Я закатываю глаза и сквозь щель между разноцветными досками продолжаю наблюдать за ним. Тот еще самодовольный придурок. Кроме внешности, ничем не богат. Хотя, ошибаюсь, отец, кажется, у него какая-то шишка. В общем, внешность и брендовые шмотки. Пустышка.
— Рад, что ты передумал, — отвечает Федор, хлопая друга по спине. — Ставлю пятак, что Плакса тебе не даст!
Знала я, что Федя любит всех подначивать, но своими глазами никогда не видела. Противно до одури, если честно. Мне хочется выйти из нашего укрытия и как следует им накостылять, только вот я не смогу. Не зря они прозвали меня Плаксой. Никогда не умела постоять за себя. Да и с этими… даже пытаться не стоит.

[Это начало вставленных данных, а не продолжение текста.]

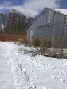 One of the aspects of the farm is the hoop house. It is a 30’x72′ structure that we use for year-round growing and we keep some of our chickens in it during the winter time. If you look closely at the front of it, at the top is a square louvered opening. The hoop house has electricity run to it and the louvers open and close automatically according to the temperature to which we have the thermostat set. Right now, it’s set at 56 degrees and I noticed yesterday that while it was 16 degrees outside, it had gotten warm enough in the hoop house that the louvers had opened.

Оксана кладет руку мне на колено и кривит лицо. Сочувствует мне. Понятное дело, на нее таких пари не заключают. Она своя.
— Пфф, готовься расстаться с денежками. Скоро я узнаю, что эта неудачница прячет под своей плащ-палаткой!
Кажется, меня сейчас вырвет. Парни отвратительно хохочут, хоть уши закрывай.
— Конечно, ага! Скромница отделает тебя как надо, только полезь к ней! — голос Федора удаляется, хорошо, значит, они уходят.
— Это я ее отделаю! — слышу я раскатистый бас Матвея.
И тишина… длящаяся ровно секунду.
— Ужас какой, Леська! — Оксана прикладывает руки к щекам и снова хмурится. — Как же им не стыдно!
— Угу, — бормочу я, — не стыдно. Твой, между прочим, с ними заодно.
Оксана сердито встряхивает кудрями.
— Тима ни слова не сказал, — бросает она сухо.
— Вот именно, — отзываюсь я. — Вот именно.
Не люблю, когда меня недооценивают. Уж не знаю, чего добивается Федя, бросая мне вызов, сейчас мне плевать на его выгоду от всей этой затеи. Этот всезнайка думает, что мое самолюбие так просто уязвить? Что ж, он ошибается. Никакая девчонка не сможет втоптать меня в грязь. Теперь уже нет.
Пока я широко шагаю по школьному коридору, Федор стоит, прислонившись к стене и следит за мной любопытным взглядом. Он уверен, что Плакса меня отвергнет, я же знаю, что – нет. На мне синяя рубашка, подчеркивающая цвет моих глаз, и черные джинсы. Я неотразим.
Пока я иду к ней, несколько знакомых девчонок строят мне глазки. Я им киваю и подмигиваю, отчего они весело взвизгивают и перешептываются между собой. Тима прав, они сходят по мне с ума. И да, в основном, дело в моей внешности. В отличие от Феди, я не вижу в этом ничего плохого. Он считает девчонок, с которыми я провожу время, поверхностными куклами, и что? Он думает, что на свиданиях ведут высокоинтеллектуальные беседы? Эх, Федя, отличник Федя, так хорошо учится, но ничего не знает о реальной жизни.
— Привет! — говорю я.
Плакса сегодня выглядит ужаснее обычного. Или мне просто так кажется, потому что так близко я к ней еще не подходил. Непонятная длинная юбка до пола из подозрительного шуршащего материала, голубая растянутая водолазка. Волосы заколоты в тугой пучок, из которого торчит погрызанный карандаш.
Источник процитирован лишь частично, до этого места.